Saved entries
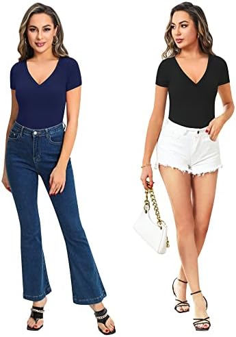 MANGOPOP Bodysuit for Women Modal V Neck Folded Over Short Sleeve Tops Jumpsuit
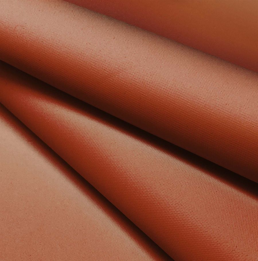 La tela base es la Tela Impermeable - Outdoor, un tejido técnico de 100% poliéster, con un gramaje de 200 gr/m2 y un ancho de 150 cm. Su color liso impreso es una combinación de naranja y siena, con un CMYK de 27 70 84 22. Este color secundario simboliza la vitalidad y la calidez de un día de verano. Además, se combina bien con tonos de azul y verde, creando un aspecto balanceado y armonioso. Es importante mencionar que este tejido está impreso con el color liso a una sola cara por impresión digital textil; es decir, no es un tejido tintado, sino impreso por una sola cara.
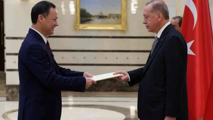Cumhurbaşkanlığı Külliyesi'ndeki kabulde Kırgızistan Büyükelçisi Ruslan Kazakbaev, Cumhurbaşkanı Erdoğan'a güven mektubu sundu. Kazakbaev'in eşi, çocukları ve bazı büyükelçilik mensuplarının Cumhurbaşkanı Erdoğan'a takdiminin ardından hatıra fotoğrafı çektirildi.
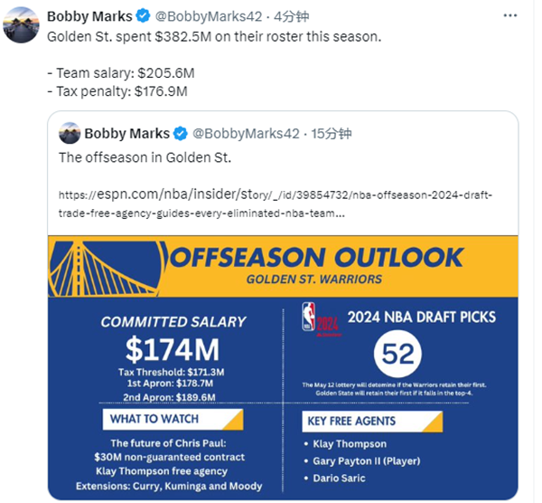NBA薪资专家Bobby Marks报道,金州勇士本赛季在阵容上的总花费为3.825亿美元,球队薪水2.056亿美元,奢侈税:1.769亿美元。
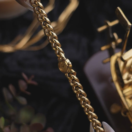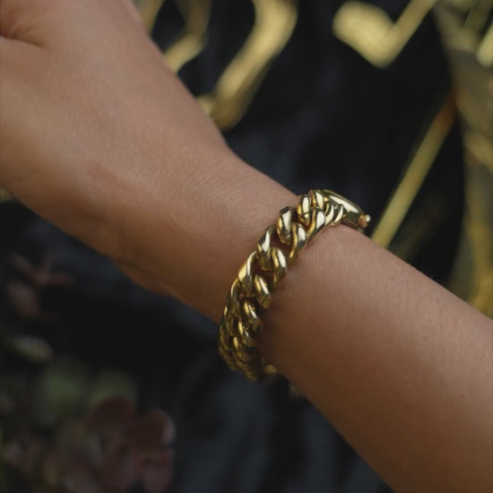 Integrated gold-tone chain bracelet with original clasp. The bracelet structure remains secure and well preserved with a strong sculptural presence.
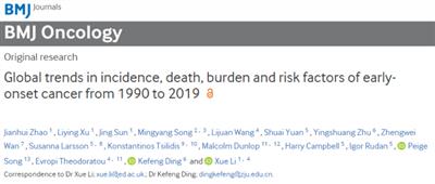 数据来源《BMJ子刊:浙江大学李雪团队揭示癌症的年轻化,50岁以下癌症发病率快速上升:中国疾病预防控制中心[1]》
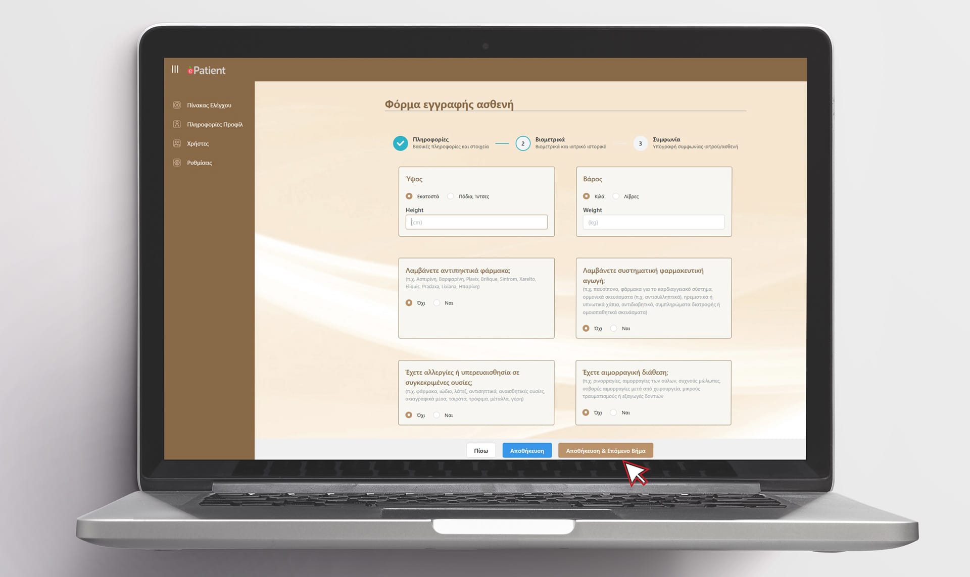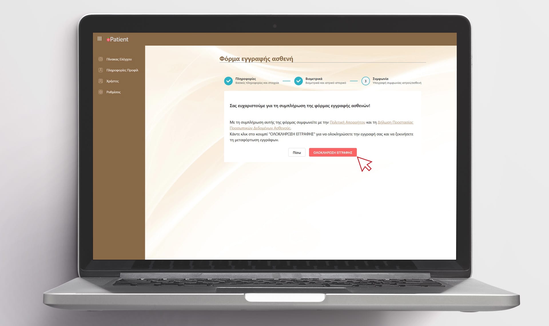 Εγγραφή ασθενούς στη ψηφιακή online εφαρμογή ηλεκτρονικής εγγραφής ασθενών του ιατρείου.
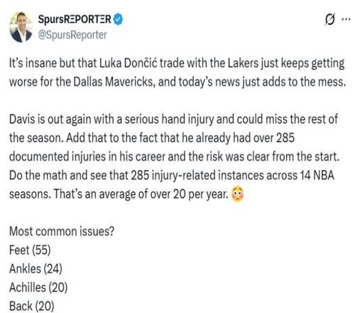 Garza表示:“戴维斯再度因左手严重伤势缺阵……他职业生涯中被记录在案的伤病已经超过285次,这笔交易的风险从一开始就显而易见。简单算笔账就知道,14个NBA赛季里出现285次伤病相关情况,平均每年超过20次。他最常见的伤病部位有哪些?脚部55次,脚踝24次,跟腱20次,背部20次。”
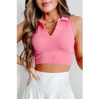 Hampton Summers Sleeveless Polo Crop Top (Hot Pink) Small
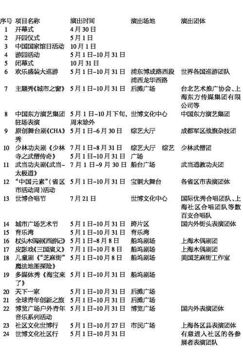 上海世博会期间,世界各地表演团体将带来2万多场文艺演出和活动。由东道主组织的19项盛大演出也已准备就绪,开幕第一天起陆续在世博园全新的文化中心、综艺大厅、综艺广场、后滩广场、船台广场、宝钢大舞台、育乐湾、船坞剧场、博览广场、市民广场一一亮相,生动演绎各国传统和文化,盛情邀请各国来宾分享和互动——
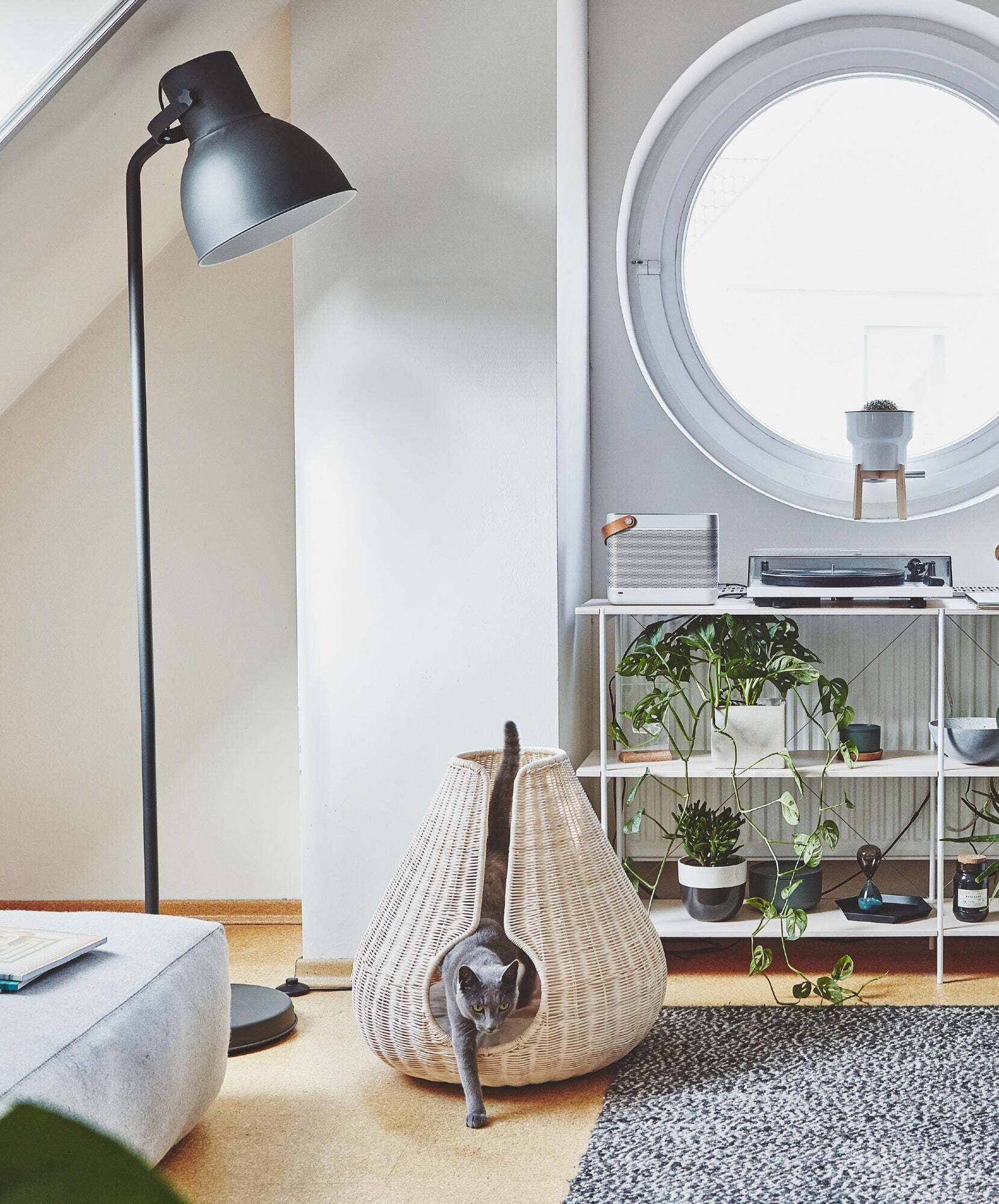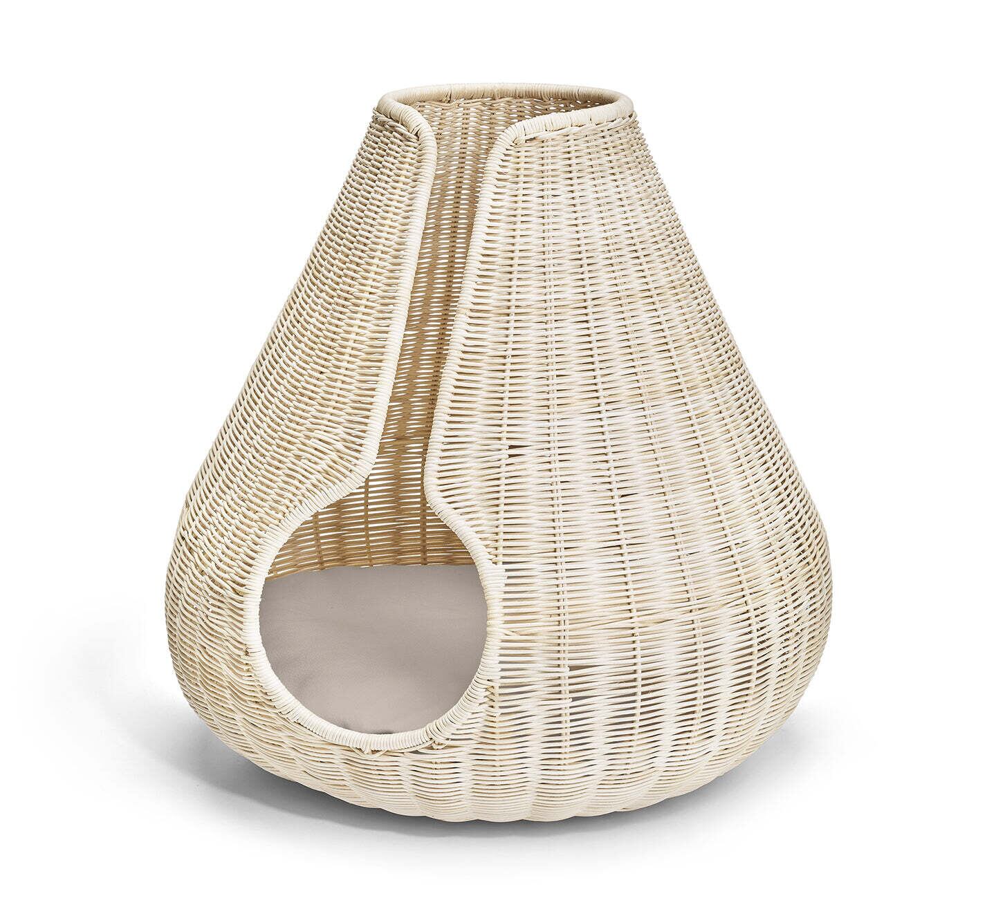 しずく型の曲線が特徴的なハンドメイドのキャットバスケットは、猫に安心感を与えつつ、通気性の良いロープや天然ラタンの編み込み構造で360°の視界を確保。屋内外どちらでも使用可能です。

### WHAT TO DO
Please output only the lines running from the one that holds "Cumhurbaşkanlığı Külliyesi'ndeki kabulde" through the last line of the entries, both ends included, without any images.

### ANSWER
Cumhurbaşkanlığı Külliyesi'ndeki kabulde Kırgızistan Büyükelçisi Ruslan Kazakbaev, Cumhurbaşkanı Erdoğan'a güven mektubu sundu. Kazakbaev'in eşi, çocukları ve bazı büyükelçilik mensuplarının Cumhurbaşkanı Erdoğan'a takdiminin ardından hatıra fotoğrafı çektirildi.
NBA薪资专家Bobby Marks报道,金州勇士本赛季在阵容上的总花费为3.825亿美元,球队薪水2.056亿美元,奢侈税:1.769亿美元。
 Integrated gold-tone chain bracelet with original clasp. The bracelet structure remains secure and well preserved with a strong sculptural presence.
 数据来源《BMJ子刊:浙江大学李雪团队揭示癌症的年轻化,50岁以下癌症发病率快速上升:中国疾病预防控制中心[1]》
 Εγγραφή ασθενούς στη ψηφιακή online εφαρμογή ηλεκτρονικής εγγραφής ασθενών του ιατρείου.
 Garza表示:“戴维斯再度因左手严重伤势缺阵……他职业生涯中被记录在案的伤病已经超过285次,这笔交易的风险从一开始就显而易见。简单算笔账就知道,14个NBA赛季里出现285次伤病相关情况,平均每年超过20次。他最常见的伤病部位有哪些?脚部55次,脚踝24次,跟腱20次,背部20次。”
 Hampton Summers Sleeveless Polo Crop Top (Hot Pink) Small
 上海世博会期间,世界各地表演团体将带来2万多场文艺演出和活动。由东道主组织的19项盛大演出也已准备就绪,开幕第一天起陆续在世博园全新的文化中心、综艺大厅、综艺广场、后滩广场、船台广场、宝钢大舞台、育乐湾、船坞剧场、博览广场、市民广场一一亮相,生动演绎各国传统和文化,盛情邀请各国来宾分享和互动——
 しずく型の曲線が特徴的なハンドメイドのキャットバスケットは、猫に安心感を与えつつ、通気性の良いロープや天然ラタンの編み込み構造で360°の視界を確保。屋内外どちらでも使用可能です。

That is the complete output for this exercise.